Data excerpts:
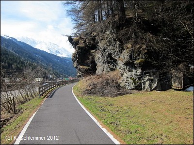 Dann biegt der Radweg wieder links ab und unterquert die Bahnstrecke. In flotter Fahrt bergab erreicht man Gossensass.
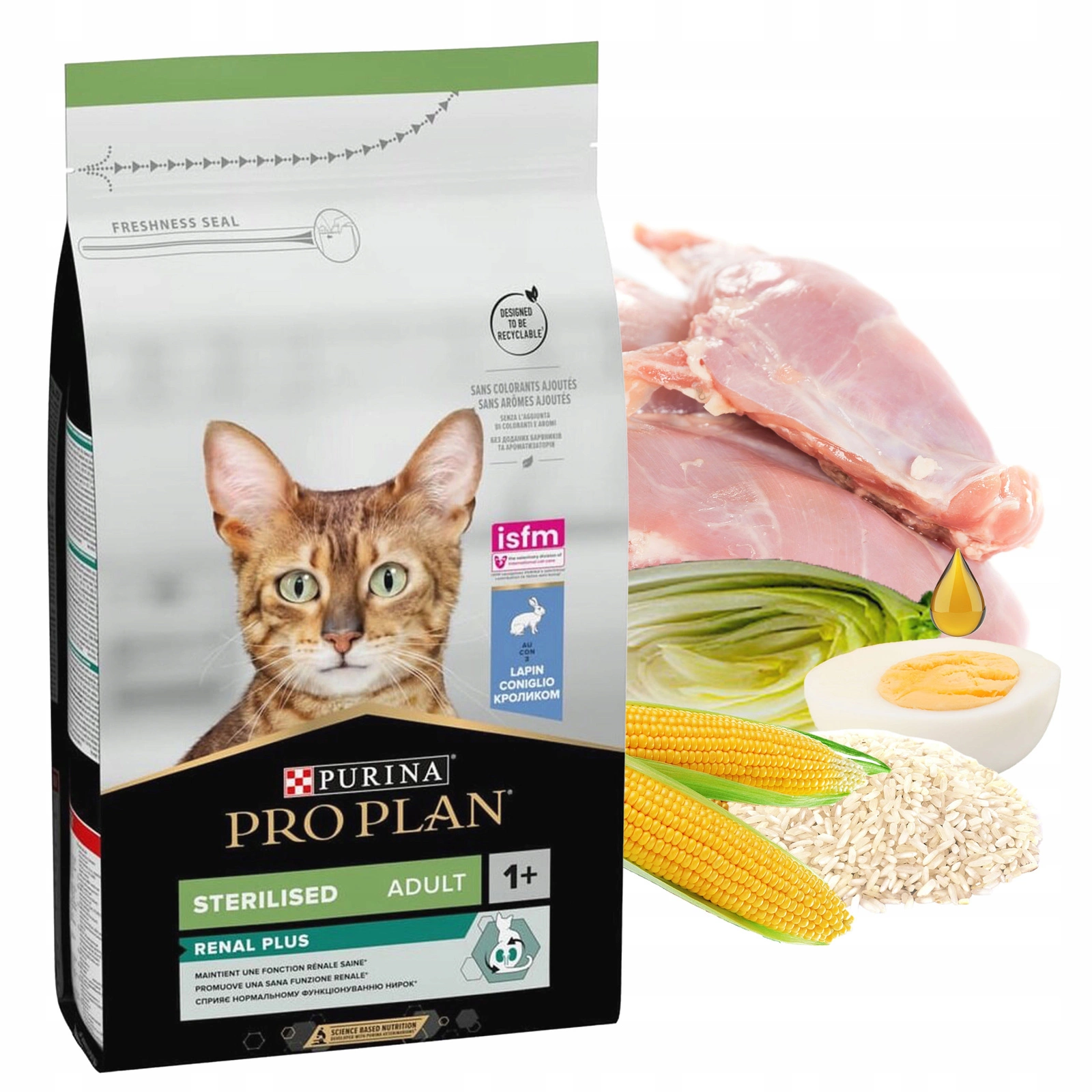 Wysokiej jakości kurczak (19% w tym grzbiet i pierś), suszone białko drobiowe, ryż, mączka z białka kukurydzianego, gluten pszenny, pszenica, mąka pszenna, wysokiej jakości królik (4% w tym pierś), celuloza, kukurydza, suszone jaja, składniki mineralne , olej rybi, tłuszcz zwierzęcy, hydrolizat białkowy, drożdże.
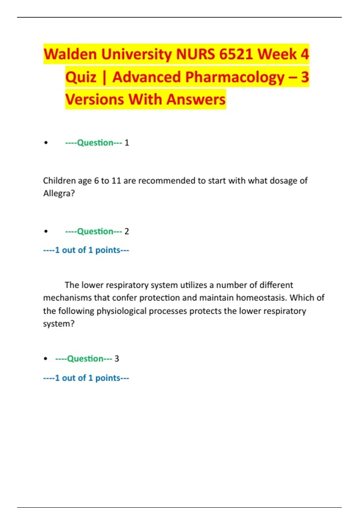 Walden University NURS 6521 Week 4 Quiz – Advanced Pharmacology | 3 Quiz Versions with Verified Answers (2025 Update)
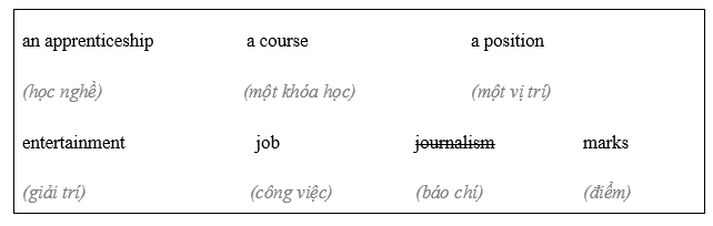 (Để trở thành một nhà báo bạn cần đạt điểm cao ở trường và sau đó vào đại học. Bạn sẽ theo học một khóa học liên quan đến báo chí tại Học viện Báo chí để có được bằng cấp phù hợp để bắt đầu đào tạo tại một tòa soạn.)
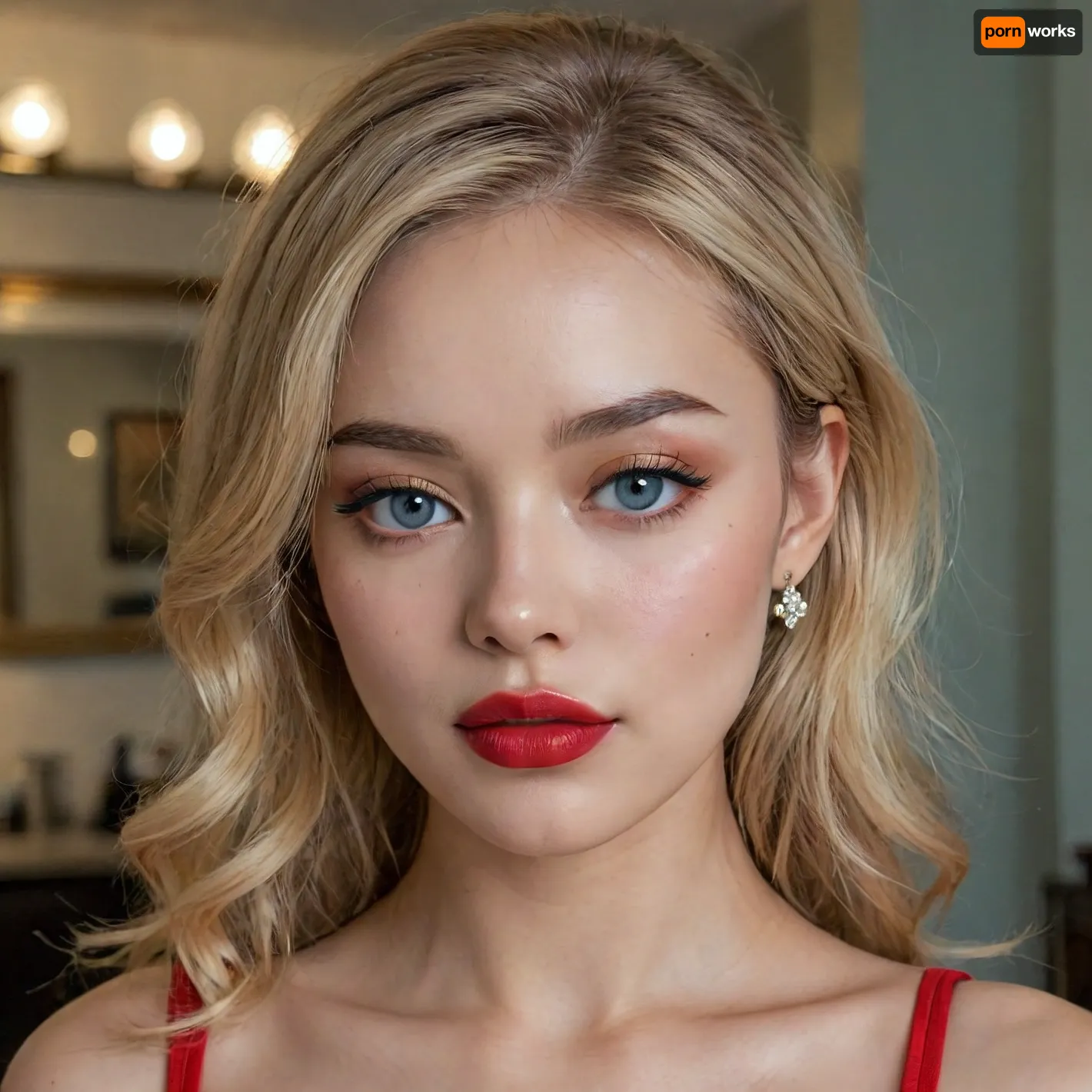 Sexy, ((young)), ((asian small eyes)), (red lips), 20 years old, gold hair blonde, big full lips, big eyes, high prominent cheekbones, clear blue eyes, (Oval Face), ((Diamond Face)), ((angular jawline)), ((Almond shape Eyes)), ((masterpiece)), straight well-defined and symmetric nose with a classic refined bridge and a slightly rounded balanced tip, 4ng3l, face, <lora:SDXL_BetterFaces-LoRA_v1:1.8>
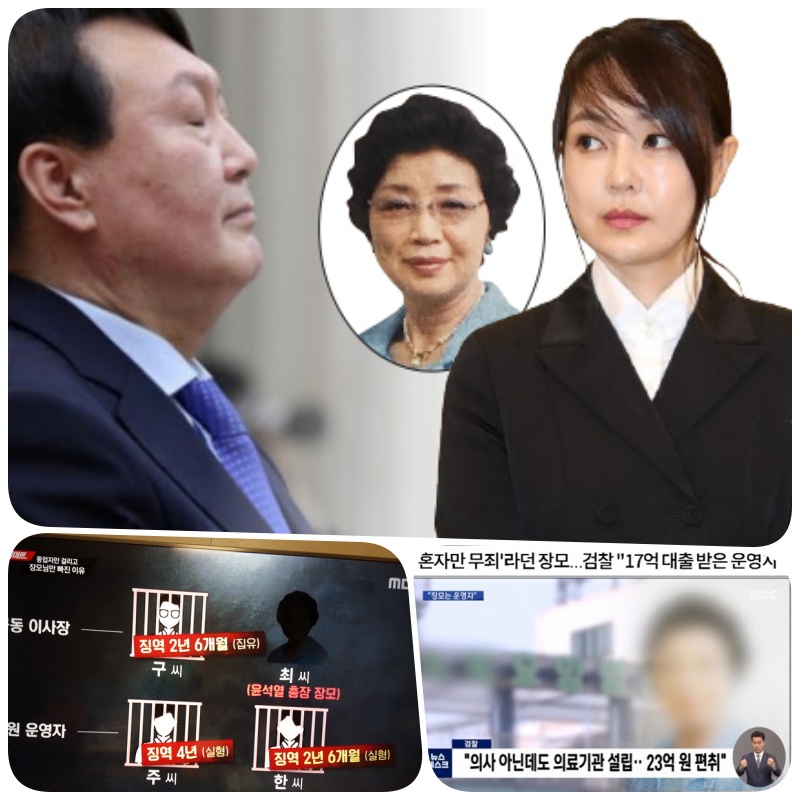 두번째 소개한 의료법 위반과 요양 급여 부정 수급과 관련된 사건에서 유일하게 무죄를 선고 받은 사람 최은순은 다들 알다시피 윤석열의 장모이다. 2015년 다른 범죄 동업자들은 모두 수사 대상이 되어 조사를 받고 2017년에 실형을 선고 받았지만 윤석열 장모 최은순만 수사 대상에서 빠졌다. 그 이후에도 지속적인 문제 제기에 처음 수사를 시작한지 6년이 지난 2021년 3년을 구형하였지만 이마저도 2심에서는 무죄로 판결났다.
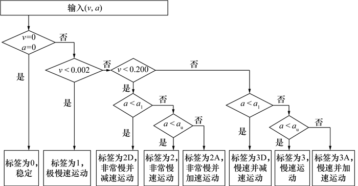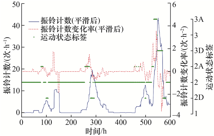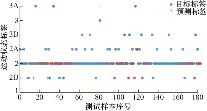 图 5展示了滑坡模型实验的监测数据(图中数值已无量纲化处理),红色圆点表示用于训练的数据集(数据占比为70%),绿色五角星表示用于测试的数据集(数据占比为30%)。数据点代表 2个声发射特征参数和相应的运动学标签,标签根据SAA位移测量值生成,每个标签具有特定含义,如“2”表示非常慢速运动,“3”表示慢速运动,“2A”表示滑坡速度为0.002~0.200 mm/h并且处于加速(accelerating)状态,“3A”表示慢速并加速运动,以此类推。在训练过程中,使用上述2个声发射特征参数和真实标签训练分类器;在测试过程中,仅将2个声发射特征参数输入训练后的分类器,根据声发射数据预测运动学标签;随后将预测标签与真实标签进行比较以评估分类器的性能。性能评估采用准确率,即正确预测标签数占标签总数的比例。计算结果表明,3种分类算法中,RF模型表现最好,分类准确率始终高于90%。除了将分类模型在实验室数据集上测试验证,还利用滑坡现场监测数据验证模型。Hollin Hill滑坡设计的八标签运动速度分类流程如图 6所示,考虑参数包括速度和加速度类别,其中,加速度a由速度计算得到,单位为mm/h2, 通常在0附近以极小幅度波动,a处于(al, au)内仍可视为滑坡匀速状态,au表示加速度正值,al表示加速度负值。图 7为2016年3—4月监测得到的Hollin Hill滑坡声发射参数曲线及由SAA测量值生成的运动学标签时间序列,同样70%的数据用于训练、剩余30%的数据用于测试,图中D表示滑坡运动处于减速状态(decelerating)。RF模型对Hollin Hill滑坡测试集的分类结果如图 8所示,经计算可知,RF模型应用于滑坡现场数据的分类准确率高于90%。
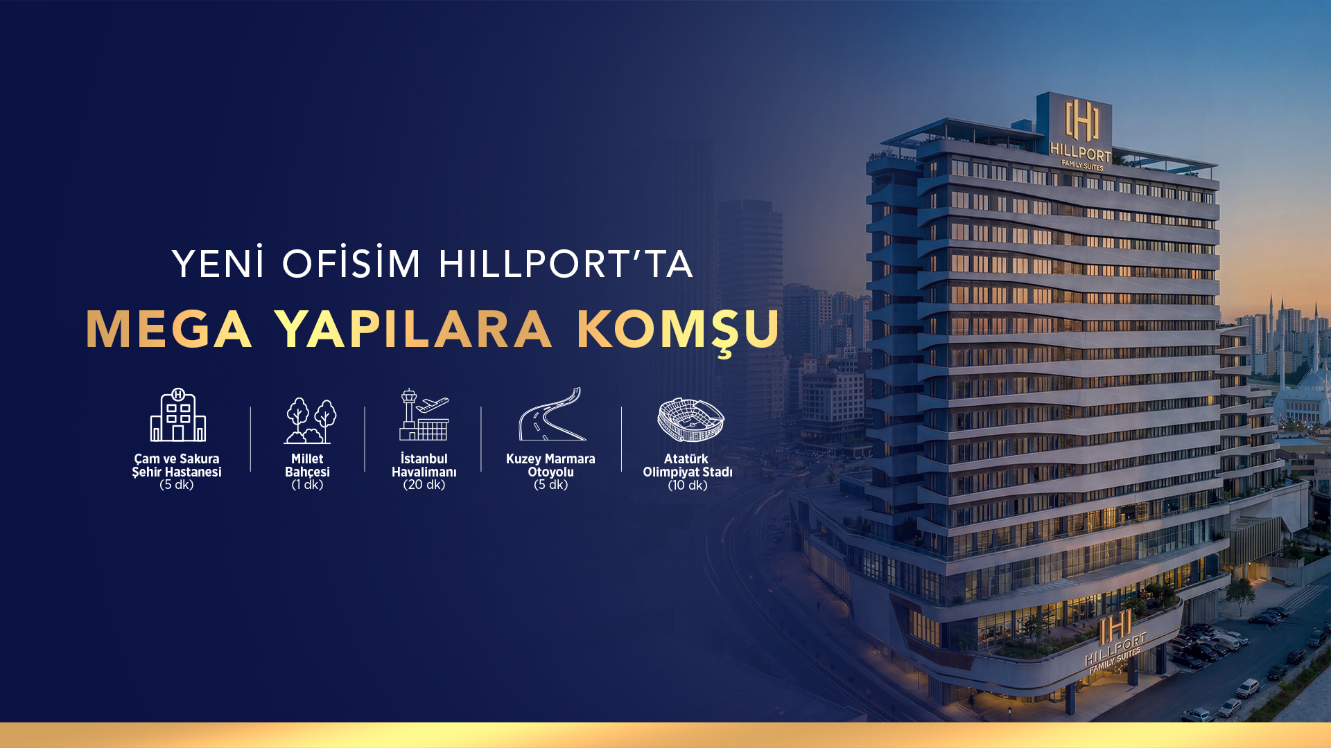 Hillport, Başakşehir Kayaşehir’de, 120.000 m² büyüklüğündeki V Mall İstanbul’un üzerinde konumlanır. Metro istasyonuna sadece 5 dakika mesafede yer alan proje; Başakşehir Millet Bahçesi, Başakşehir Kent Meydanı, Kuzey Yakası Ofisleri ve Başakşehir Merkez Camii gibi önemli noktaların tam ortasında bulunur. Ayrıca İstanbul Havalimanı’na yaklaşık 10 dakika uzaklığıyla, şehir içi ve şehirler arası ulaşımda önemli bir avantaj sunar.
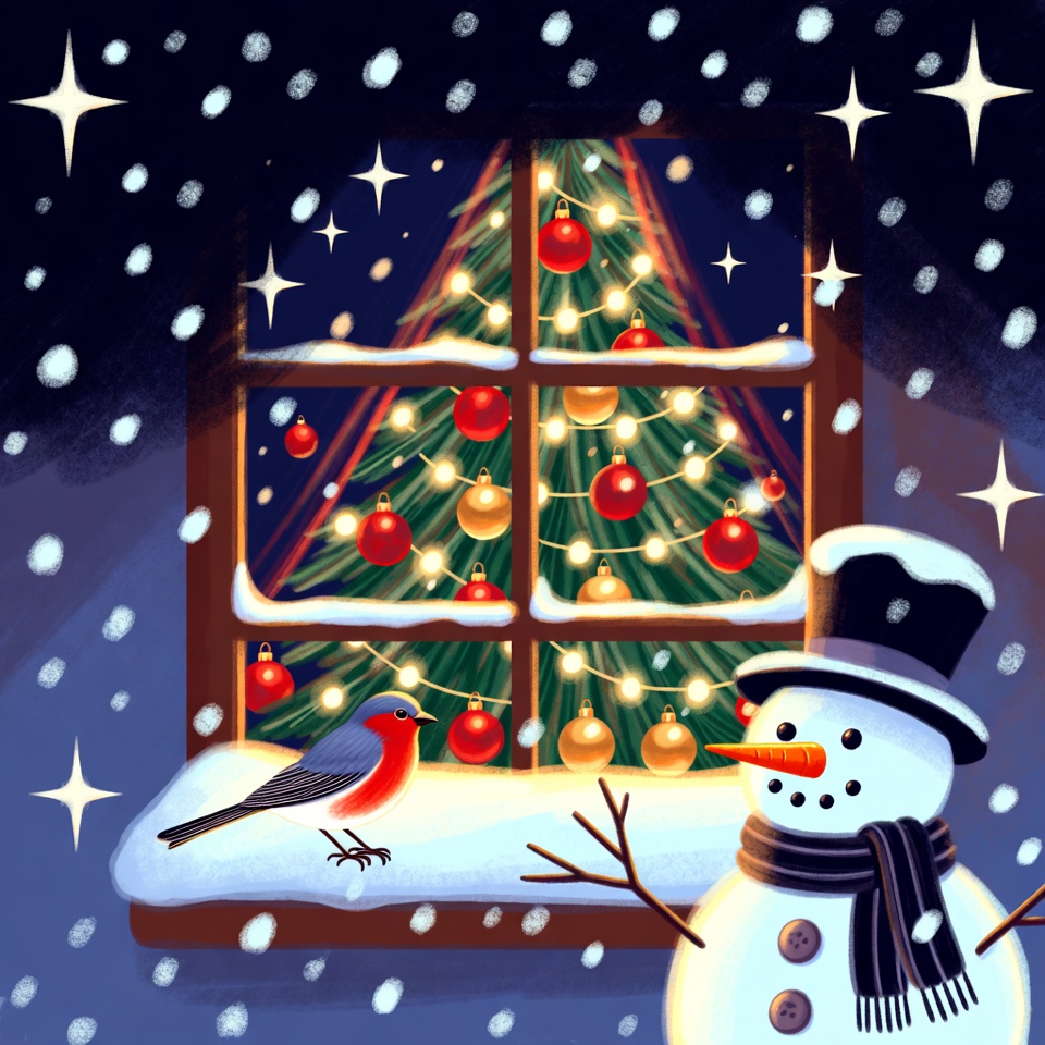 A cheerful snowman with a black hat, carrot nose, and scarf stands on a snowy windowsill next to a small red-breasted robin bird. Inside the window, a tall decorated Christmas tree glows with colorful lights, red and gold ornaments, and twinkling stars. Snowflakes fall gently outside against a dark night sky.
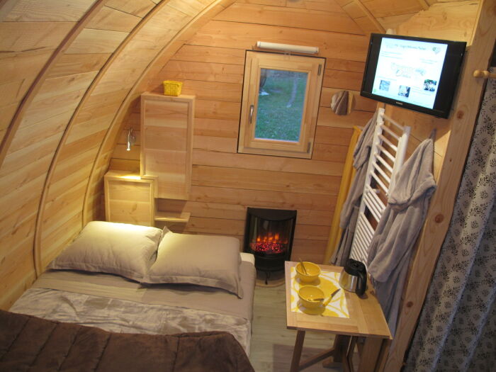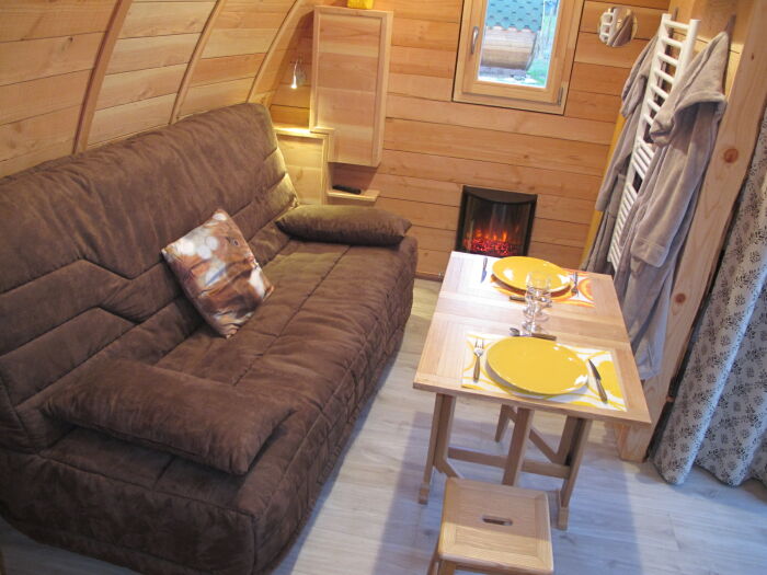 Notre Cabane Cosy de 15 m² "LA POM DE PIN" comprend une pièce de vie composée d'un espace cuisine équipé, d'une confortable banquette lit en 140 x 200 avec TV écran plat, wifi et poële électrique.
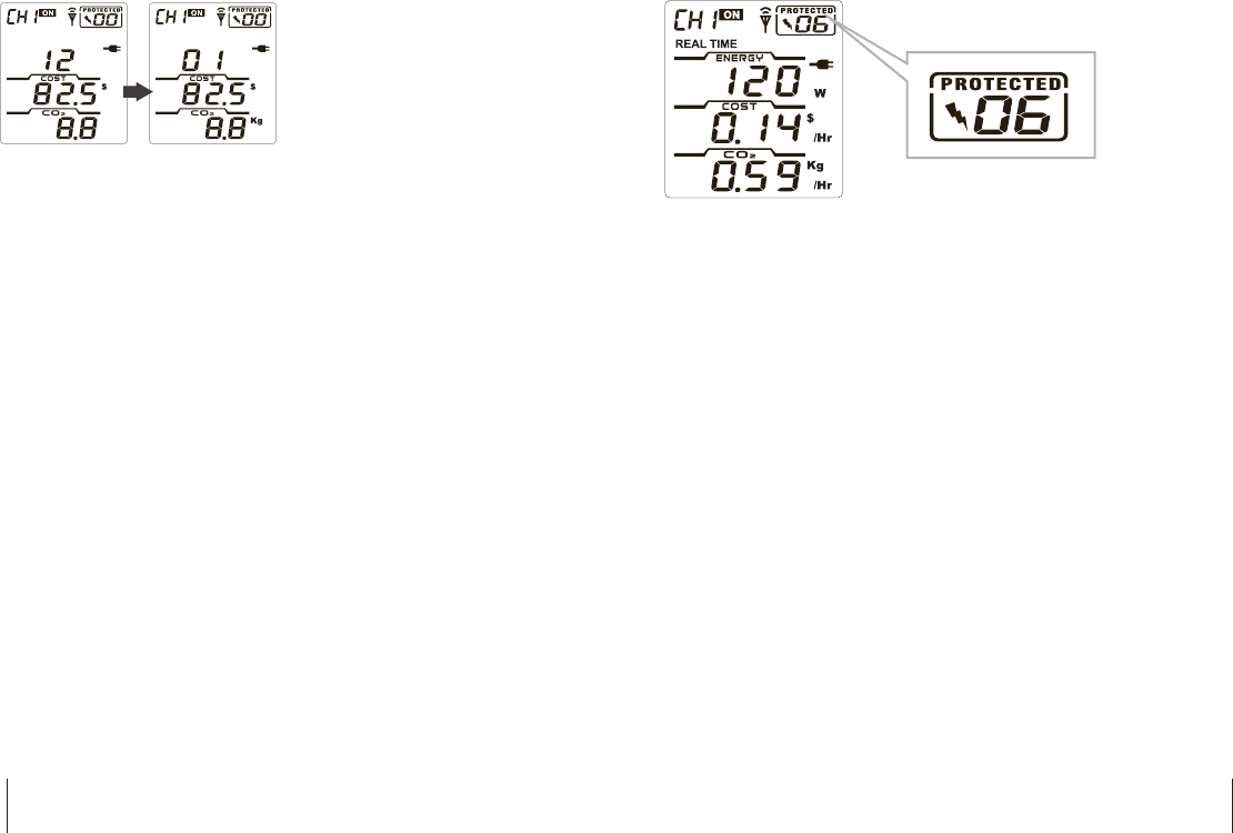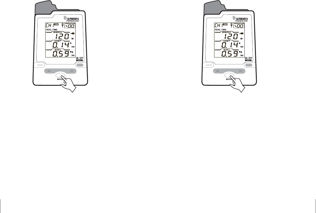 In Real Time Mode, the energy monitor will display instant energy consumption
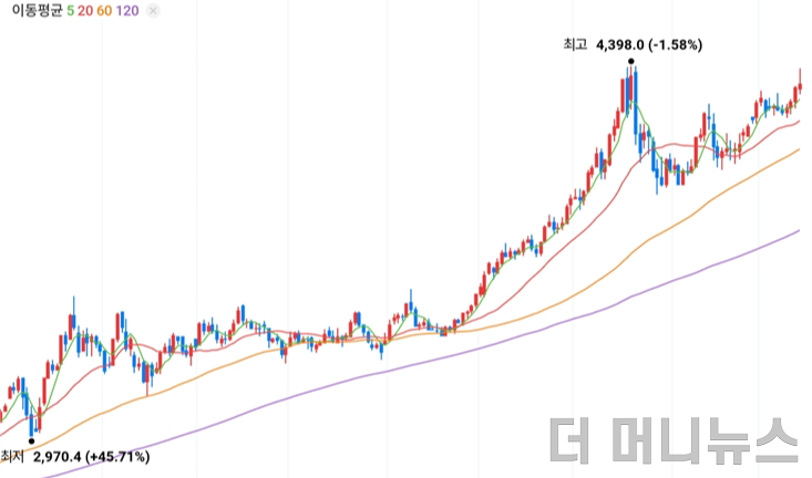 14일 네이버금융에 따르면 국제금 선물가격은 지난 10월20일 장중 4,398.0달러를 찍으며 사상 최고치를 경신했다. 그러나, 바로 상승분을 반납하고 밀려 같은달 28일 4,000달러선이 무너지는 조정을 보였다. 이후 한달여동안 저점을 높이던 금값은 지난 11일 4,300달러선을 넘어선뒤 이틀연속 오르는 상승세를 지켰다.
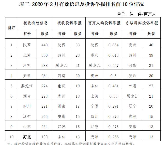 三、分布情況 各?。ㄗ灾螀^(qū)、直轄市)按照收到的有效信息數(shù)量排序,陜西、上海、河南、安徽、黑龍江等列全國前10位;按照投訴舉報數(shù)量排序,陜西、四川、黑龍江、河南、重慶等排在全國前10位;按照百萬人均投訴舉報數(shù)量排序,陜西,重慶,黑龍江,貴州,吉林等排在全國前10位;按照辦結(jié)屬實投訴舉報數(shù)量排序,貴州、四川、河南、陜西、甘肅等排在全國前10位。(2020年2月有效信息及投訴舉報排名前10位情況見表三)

§ **Required work**: Starting from the line with "Walden University NURS" in the records above, repeat each line exactly until you have written the line with "(Để trở thành", then stop; drop the pictures.

§ **Problem solution**:
 Walden University NURS 6521 Week 4 Quiz – Advanced Pharmacology | 3 Quiz Versions with Verified Answers (2025 Update)
 (Để trở thành một nhà báo bạn cần đạt điểm cao ở trường và sau đó vào đại học. Bạn sẽ theo học một khóa học liên quan đến báo chí tại Học viện Báo chí để có được bằng cấp phù hợp để bắt đầu đào tạo tại một tòa soạn.)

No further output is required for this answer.